I am trying to import a set of data from a CSV file to shorten my code in python,
Before I try to use the CSV file as a variable, I have confirmed the code is working as below:
csvone = pd.read_csv("csvone.csv")
data_a = csvone[csvone['IP Address'].str.contains(r'10.1\.')]
data_a["PCLOCATION"] = 'LOCATION_A'
data_b = csvone[csvone['IP Address'].str.contains(r'10.2\.')]
data_b["PCLOCATION"] = 'LOCATION_B'
data = [data_a, data_b]
result = pd.concat(data)
print(result)
The result of print(result) return all matched data and add another column named PCLOCATION.
But when I try to use a CSV file as variables it returns error when using the code below:
csvone = pd.read_csv("csvone.csv")
csvdata = pd.read_csv("csvdata.csv")
x = csvdata['IP']
z = csvdata['LOCATION']
pat = "|".join("^" s.replace("." , r"\.") for s in x)
data = csvone[csvone['IP Address'].str.contains(x)]
data["PCLOCATION"] = (z)
print(data)
I get error TypeError: unhashable type: 'Series'.
By using code provided by @Timus, the unhashable error fixed.
The outcome is not as expected, seems like I am missing some part of the code that links the IP and LOCATION in the same row.
The current outcome:
https://i.stack.imgur.com/kmHlU.png
The csv file I am using:
csvdata.csv: https://i.stack.imgur.com/cnfAu.png
csvone.csv: https://i.stack.imgur.com/1JA6S.png
Thanks everyone!
CodePudding user response:
The variable x seems to be a pandas Series object. pandas.DataFrame.str.contains()
requires the pattern (first argument) to be a string, not a series.
Check out examples in https://pandas.pydata.org/docs/reference/api/pandas.Series.str.contains.html
CodePudding user response:
As pointed out by @snag9677, if you look at .str.contains
Series.str.contains(pat, case=True, flags=0, na=None, regex=True)
...
Parameters
pat
:str
- Character sequence or regular expression.
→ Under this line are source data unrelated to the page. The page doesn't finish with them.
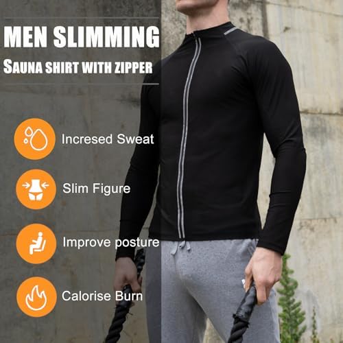 Sauna Suit for Men Sweat Jacket Long Sleeve Shirt Workout Body Shaper Zipper Top Slimming Fitness Trainer Gym Top-(S-3XL)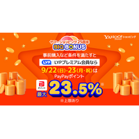 9月22日、23日は、LYPプレミアム会員なら最大23.5%のPayPayポイント付与 「ヤフービッグボーナ…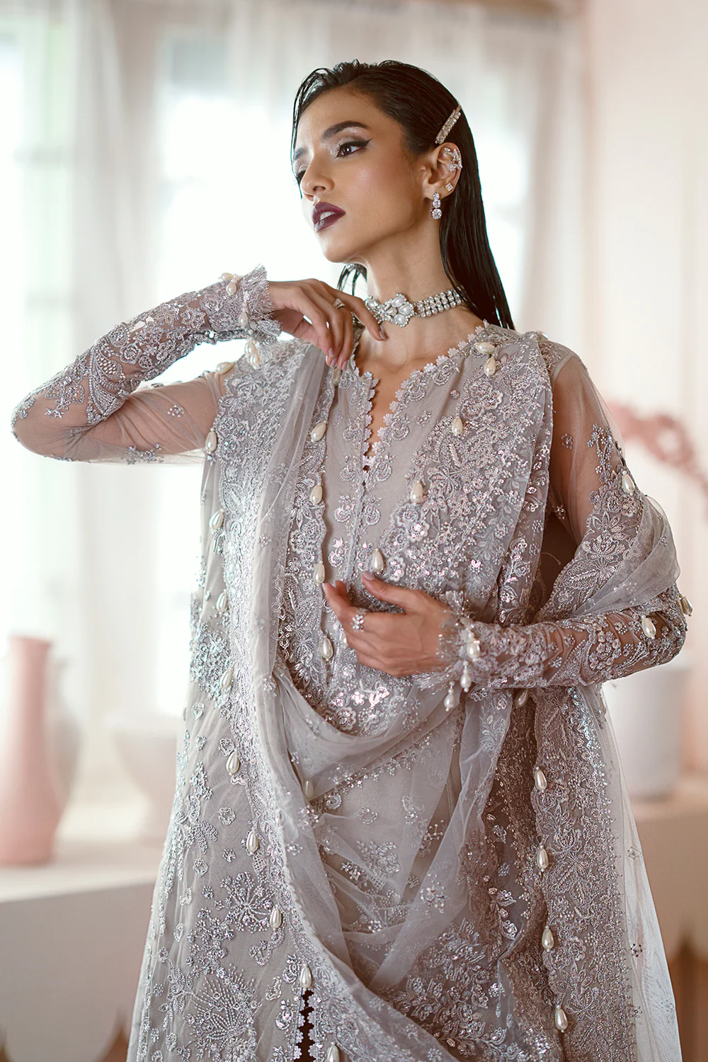NET EMBROIDERED FRONT BODY (2 PCS)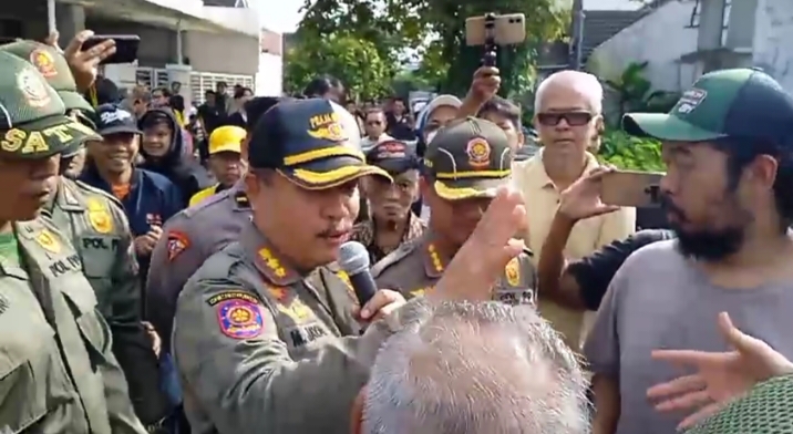 Tapi ketika petugas Satpol PP dan gabungan TNI-Polri mulai bergerak, teriakan protes warga dan dorong-dorongan pun pecah.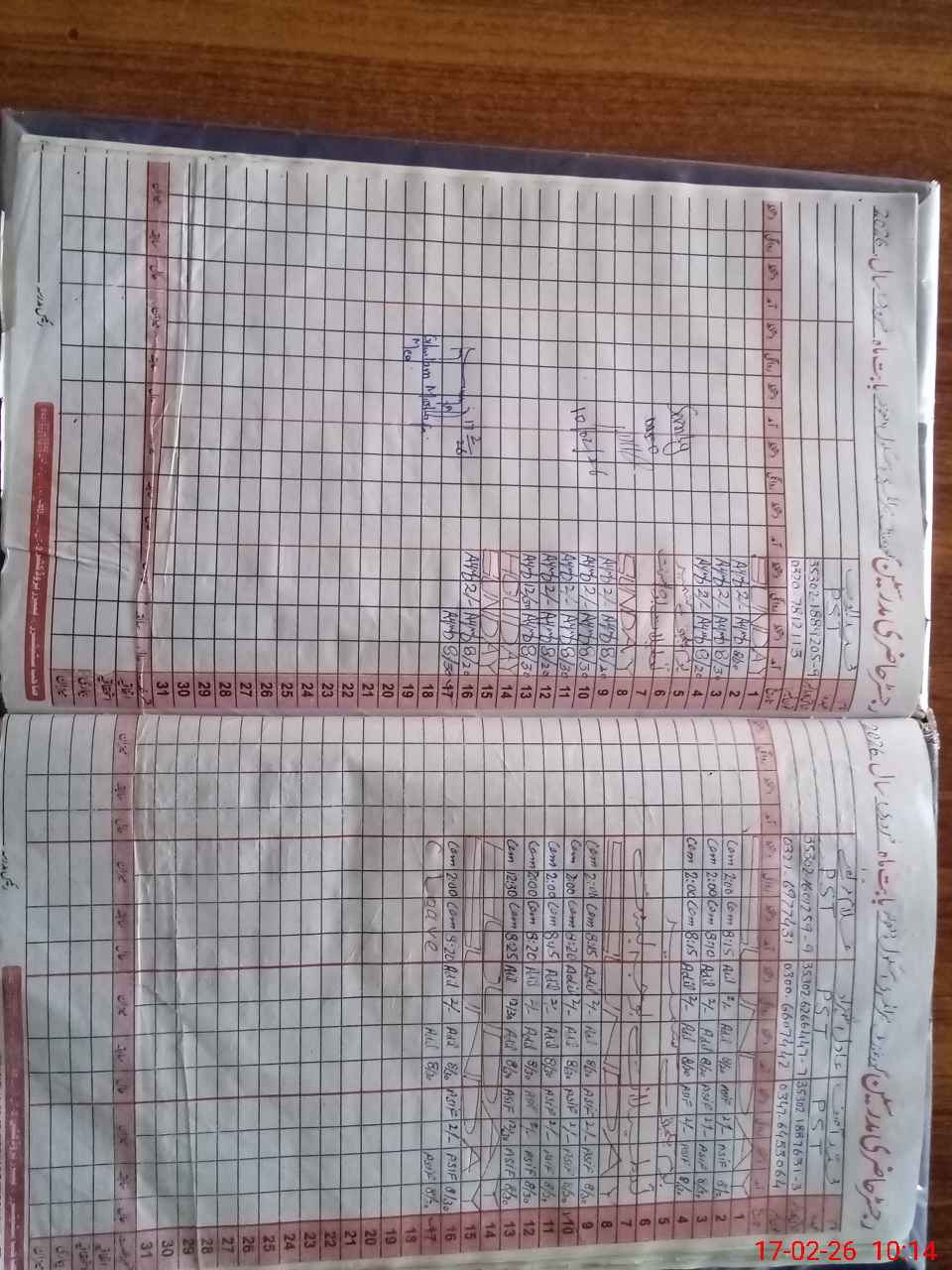 | CNIC | Full Name | Designation | R/C | Absence During Last Calender Month |

you'll see that you can't give it a pd.Series
, only a string.
So what you could try instead is something like
pat = "|".join("^" s.replace("." , r"\.") for s in x)
data = csvone[csvone['IP Address'].str.contains(pat)]
s.replace("." , r"\.")
is needed since a simple .
is a regex wildcard for any character (except a newline). The ^
is there to make sure to match only at the beginning (I suppose that is what you want). You could do
pat = "|".join(s.replace("." , r"\.") for s in x)
data = csvone[csvone['IP Address'].str.match(pat)]
instead (match
implicitly requires that the pattern match starts at the beginning).